* Your objective: Answer with the exact lines of the following material from the one containing "AMBITFUL志捷 2.7" through the one containing "203 계단을 오르고", both end lines included.

Top of Provided records

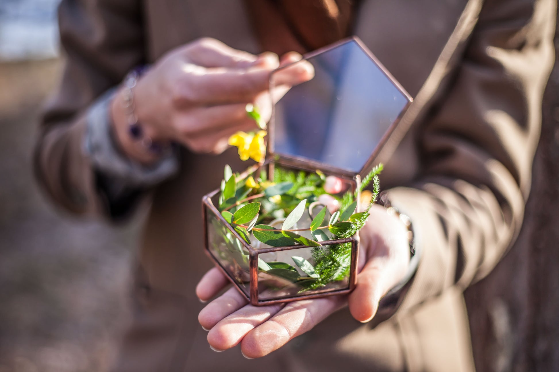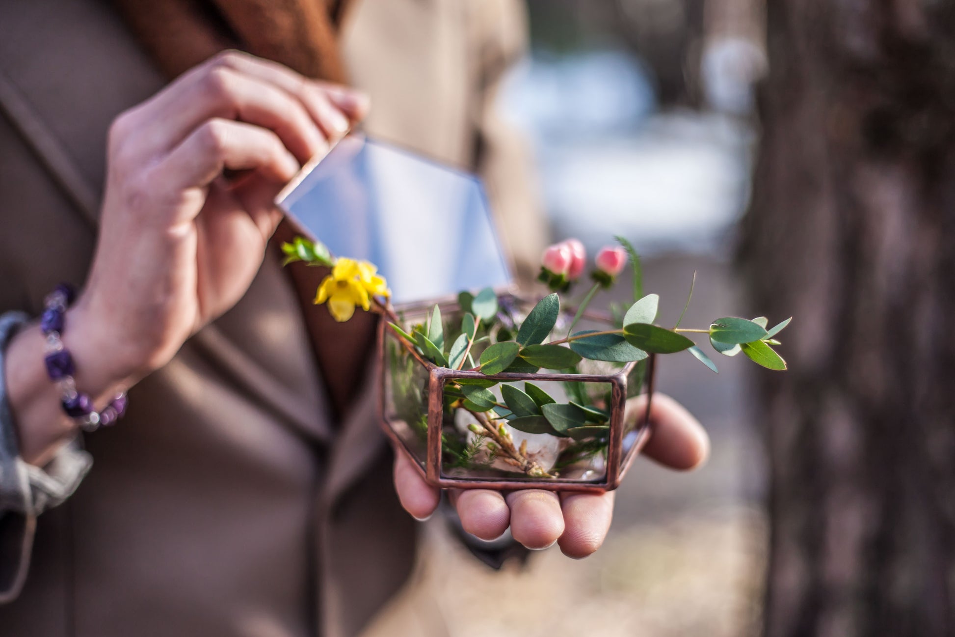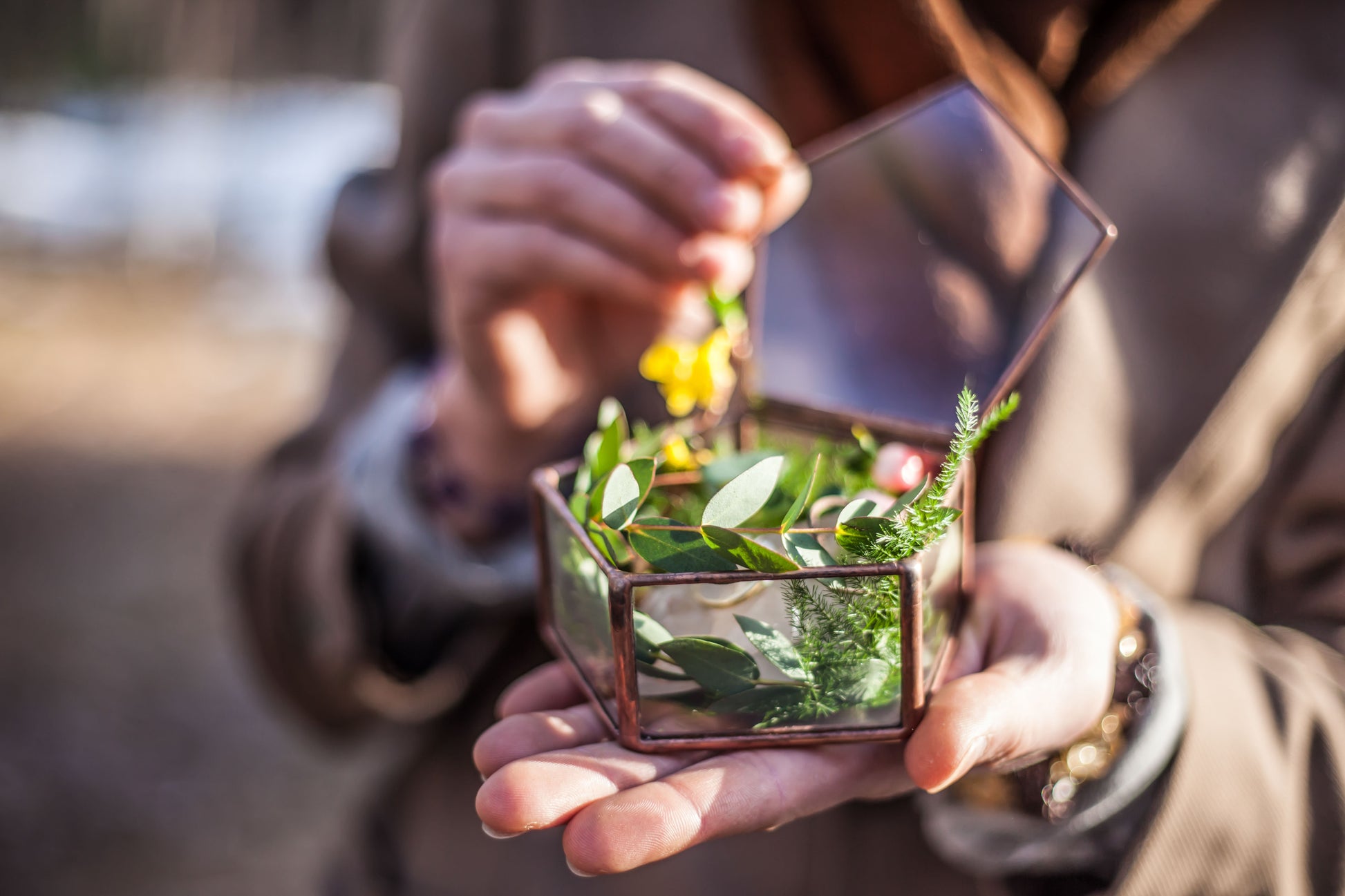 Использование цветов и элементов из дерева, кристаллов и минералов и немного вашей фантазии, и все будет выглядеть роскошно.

Bottom of Provided records
Top of Provided records

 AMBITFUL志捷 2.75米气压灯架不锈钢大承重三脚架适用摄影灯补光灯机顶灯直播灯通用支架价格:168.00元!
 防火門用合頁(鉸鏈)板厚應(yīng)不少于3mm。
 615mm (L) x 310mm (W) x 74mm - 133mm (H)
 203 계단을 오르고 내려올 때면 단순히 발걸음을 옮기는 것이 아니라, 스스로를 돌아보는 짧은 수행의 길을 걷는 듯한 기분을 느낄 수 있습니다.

Bottom of Provided records

* Problem solution:
 AMBITFUL志捷 2.75米气压灯架不锈钢大承重三脚架适用摄影灯补光灯机顶灯直播灯通用支架价格:168.00元!
 防火門用合頁(鉸鏈)板厚應(yīng)不少于3mm。
 615mm (L) x 310mm (W) x 74mm - 133mm (H)
 203 계단을 오르고 내려올 때면 단순히 발걸음을 옮기는 것이 아니라, 스스로를 돌아보는 짧은 수행의 길을 걷는 듯한 기분을 느낄 수 있습니다.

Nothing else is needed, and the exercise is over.